The state on the other hand…
Right now the state is worse. It’s the most dangerous religion.
went to church last Sunday for the first time in over 50 years. Not to bad, did not get struck by lightening, no unnecessary calisthenics! It was Unitarian, so maybe church lite!
Both are under the sway of ego-driven interpreters. The State is worse because of the compounding of ego-driven interventionists.
Since you distinguish church from state, we aren’t discussing a state church or a church able to force me to respect its creeds. With this understanding, the answer could be no simpler. The state is worse, and a church is no threat to me at all.
Why would I care about someone else’s fairy tale about eternal punishments? It’s a fairy tale, right? A fairy tale does me no harm. If some people want to believe a fairy tale and reinforce this belief among other believers, how do these beliefs harm me? The believers regulate their own behavior this way, not mine.

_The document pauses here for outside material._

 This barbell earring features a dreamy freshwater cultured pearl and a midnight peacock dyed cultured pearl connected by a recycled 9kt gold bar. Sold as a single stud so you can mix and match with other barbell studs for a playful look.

Why would I care how they regulate it? If their belief affects their voluntary interaction with me, I respond to their actions, not to their beliefs. If one person wants to prohibit my choices for “secular” reasons, to protect my health for example, while another wants to prohibit the same choice to protect my mythical, immortal soul, how does the motivation affect me? Either of these people may freely associate with persons choosing as they prefer and disassociate from me, and the effect on me is the same regardless.
If by “church” you’re referring to those organizations with “501c3” tax favoritism, you’ll need to consider them equal as far as the science of rulership is concerned. Both are set up to engineer your and my brains to favor collectivism and to quash individualism.

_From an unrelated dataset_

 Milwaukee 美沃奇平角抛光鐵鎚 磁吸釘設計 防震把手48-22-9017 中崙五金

On the other hand, there are thousands upon thousands of groups of individuals who fall under a category commonly referred to as “churches” who make no concordat with that evil phenomenon we call “The State“. Most in my part of the world lay claim for their beliefs in a Hebrew Book called “the-holy-bible” (which is anarchist from stem to stern, regardless of what you choose to believe).
A strange phenomenon, that incestuous relationship between church and state. Sam
State. Church without the state, is just a voluntary society. Church combined with a state, equates to horrible oppression and atrocities. State plus anything, equals horrible.
I’d say door number 3: People. Specifically the ones wielding power in order to obtain more power.
The state and organized religion(s) are mere symptoms of the underlying problem.
I had to face this head on when I was looking for a proper school for my kid.
I realized that I could cure any religious notions he may encounter at a school far easier than I could, statist ones.